• _RECORDS PROVIDED_
Start of Block

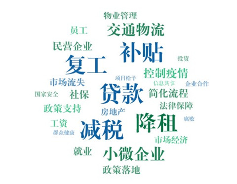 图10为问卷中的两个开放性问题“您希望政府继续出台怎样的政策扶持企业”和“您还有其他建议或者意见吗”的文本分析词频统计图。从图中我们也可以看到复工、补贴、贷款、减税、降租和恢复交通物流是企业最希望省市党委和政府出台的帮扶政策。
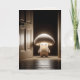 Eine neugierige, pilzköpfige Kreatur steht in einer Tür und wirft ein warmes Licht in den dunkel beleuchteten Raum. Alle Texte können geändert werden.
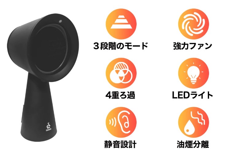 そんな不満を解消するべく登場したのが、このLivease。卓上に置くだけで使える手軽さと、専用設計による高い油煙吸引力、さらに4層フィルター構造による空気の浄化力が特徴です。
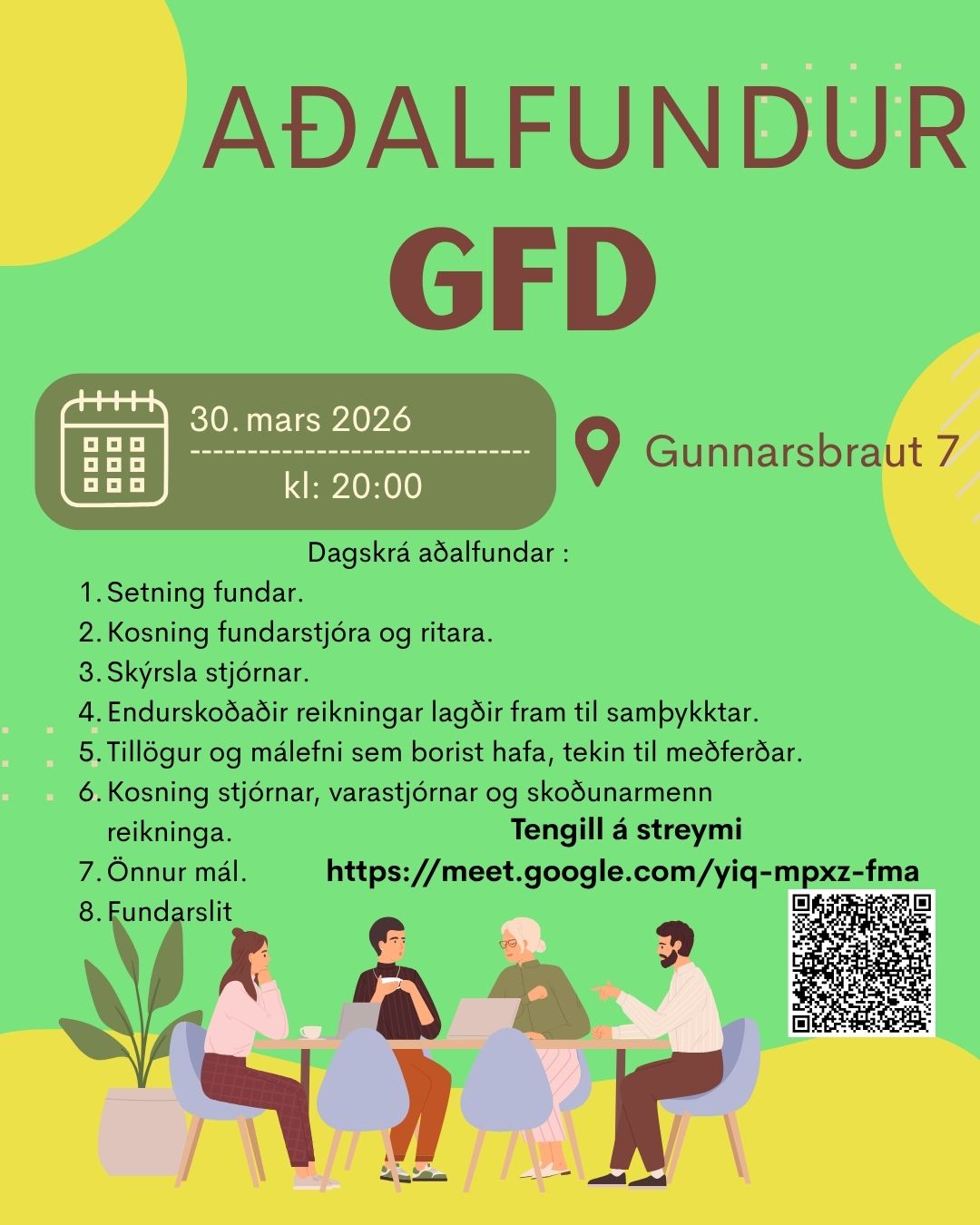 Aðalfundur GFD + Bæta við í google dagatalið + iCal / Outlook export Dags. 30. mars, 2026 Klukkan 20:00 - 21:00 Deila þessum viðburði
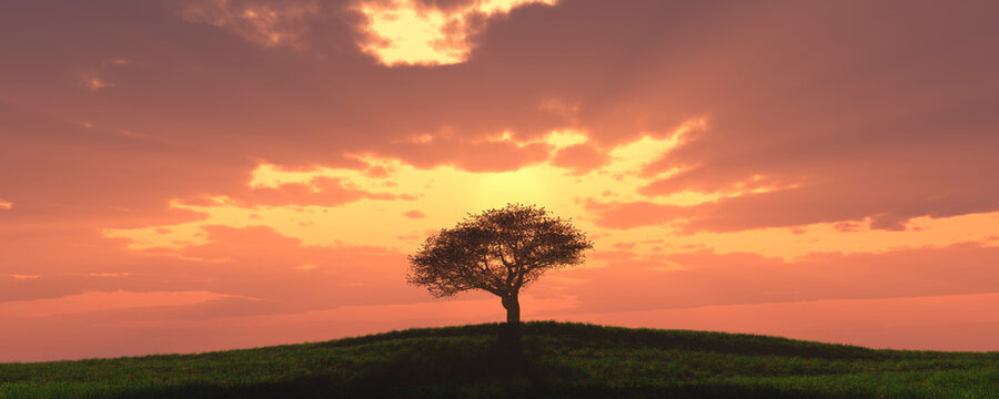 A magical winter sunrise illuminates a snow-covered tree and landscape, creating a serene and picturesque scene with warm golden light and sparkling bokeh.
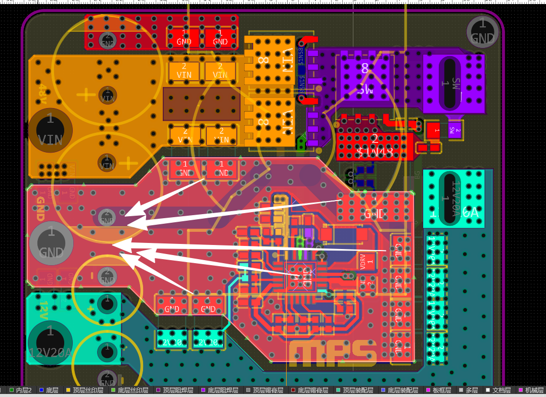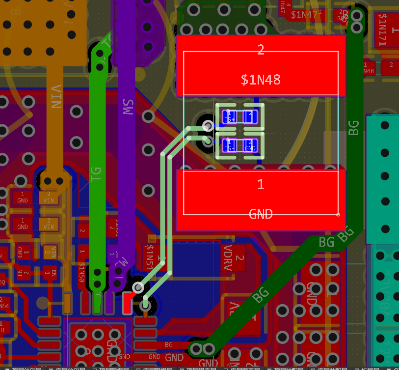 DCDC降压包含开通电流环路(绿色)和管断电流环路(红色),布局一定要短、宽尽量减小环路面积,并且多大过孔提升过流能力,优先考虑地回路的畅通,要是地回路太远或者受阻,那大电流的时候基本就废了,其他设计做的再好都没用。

End of Block

• _THE TASK_
Write out the lines from the start of the material to the line with "Aðalfundur GFD +", inclusive and exactly. Skip the pictures.

• _WORKED SOLUTION_
 图10为问卷中的两个开放性问题“您希望政府继续出台怎样的政策扶持企业”和“您还有其他建议或者意见吗”的文本分析词频统计图。从图中我们也可以看到复工、补贴、贷款、减税、降租和恢复交通物流是企业最希望省市党委和政府出台的帮扶政策。
 Eine neugierige, pilzköpfige Kreatur steht in einer Tür und wirft ein warmes Licht in den dunkel beleuchteten Raum. Alle Texte können geändert werden.
 そんな不満を解消するべく登場したのが、このLivease。卓上に置くだけで使える手軽さと、専用設計による高い油煙吸引力、さらに4層フィルター構造による空気の浄化力が特徴です。
 Aðalfundur GFD + Bæta við í google dagatalið + iCal / Outlook export Dags. 30. mars, 2026 Klukkan 20:00 - 21:00 Deila þessum viðburði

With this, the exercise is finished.